Dog playing dead in the middle of the road.
Beth Avery couldn't believe the black Great Dane had stopped, dropped, and rolled onto his side. He had a mind of his own and was testing her patience. She shook her head. She should never have applied for the personal assistant position. Dog walker wasn't on her resume.
The big boy couldn't be coaxed or talked from the crosswalk at Center Street and Egret Way. Nothing worked. He'd lain down and stayed down. All one hundred and fifty pounds of him.
The situation was hopeless.
Beth tugged gently on the leather leash attached to his harness. "Up, Atlas, up," she pleaded again.
Not a flicker of his ears. He even closed his eyes. What if he was sick or hurt? She stared at his chest. The rise and fall was slow and peaceful. Had he fallen asleep?
Atlas was the alpha dog of the four dogs she was walking. Dismayed, she watched the golden retriever and two dapple dachshunds follow his lead. They, too, settled on the asphalt. The dachsies, Oscar and Nathan, turned onto their backs so the sunshine could warm their bellies. They stretched, yawned, looking way too comfortable.

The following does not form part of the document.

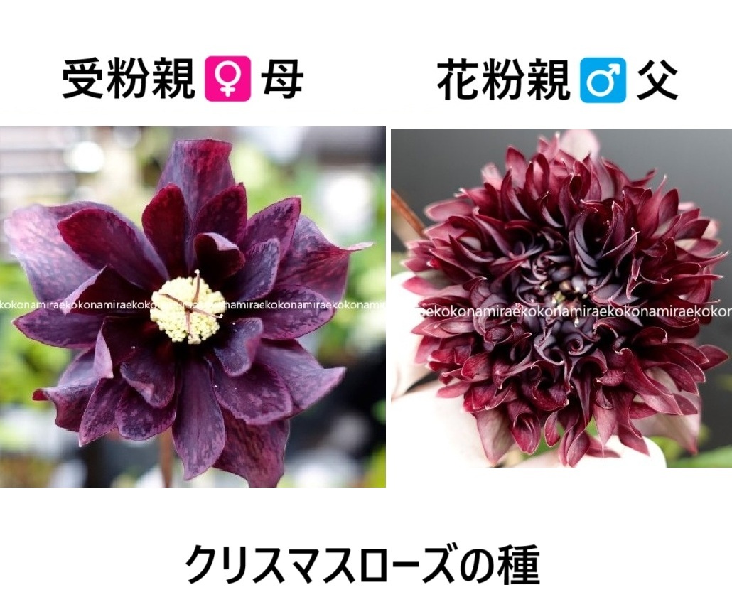 - 562●今回限 種6粒クリスマスローズ 種子♀絞系 パープルブラック 美しい♂超々多弁 クレオパトラ 貴重

What was she to do? Beth clutched the loop handles on the leashes so tightly they left an imprint on her palm. For a beat, she thought about letting go. See what they would do. It couldn't be any worse than watching them sunbathe on the road. She wasn't a dog person. She favored cats. So how was it that she found herself in this predicament at ten a.m. on a Monday morning?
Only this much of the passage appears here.